Случилось так, что по неотложным делам в Москве и Киеве мои товарищи по делегации выехали на Родину, а я на несколько дней задержался в Варшаве, доделать оставшееся.

В один из таких дней утром ко мне в гостиничный номер вошел человек средних лет и, представившись порученцем Президента Польской Народной Республики, сказал, что товарищ Берут просит посетить его. Если нет возражений, можно поехать сейчас.

Приехали в Бельведер — резиденцию президента, где меня проводили в кабинет товарища Берута. Навстречу мне из-за стола поднялся человек среднего роста, с седеющими волосами, небольшими усами на немного округлом лице. Он был похож на учителя, сходство с которым усиливал его добрый взгляд. Берут снял очки, подошел ко мне и спросил, завтракал ли я.

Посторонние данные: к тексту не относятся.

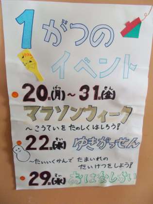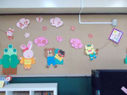 新BOP室の背面黒板は凧揚げや獅子舞などの

В ответ на мою благодарность сказал, что угостит меня трускавкой (клубникой); предложил сесть за небольшой круглый столик в углу кабинета, обставленного домашними цветами, образующими нечто отдельное от деловой части кабинета.

«Пожалуйста, — сказал Берут, — расскажите мне поподробнее о своих впечатлениях от пребывания в нашей стране, о Союзе молодежи, его руководителях, активистах, о настроениях в юношеской среде, словом, все, что вы посчитаете целесообразным рассказать мне, как президенту Польши и Первому секретарю ЦК ПОРП. Мне интересно и важно знать ваше мнение — человека со стороны, нашего товарища. Я люблю Советский Союз горячо и искренне», — добавил он.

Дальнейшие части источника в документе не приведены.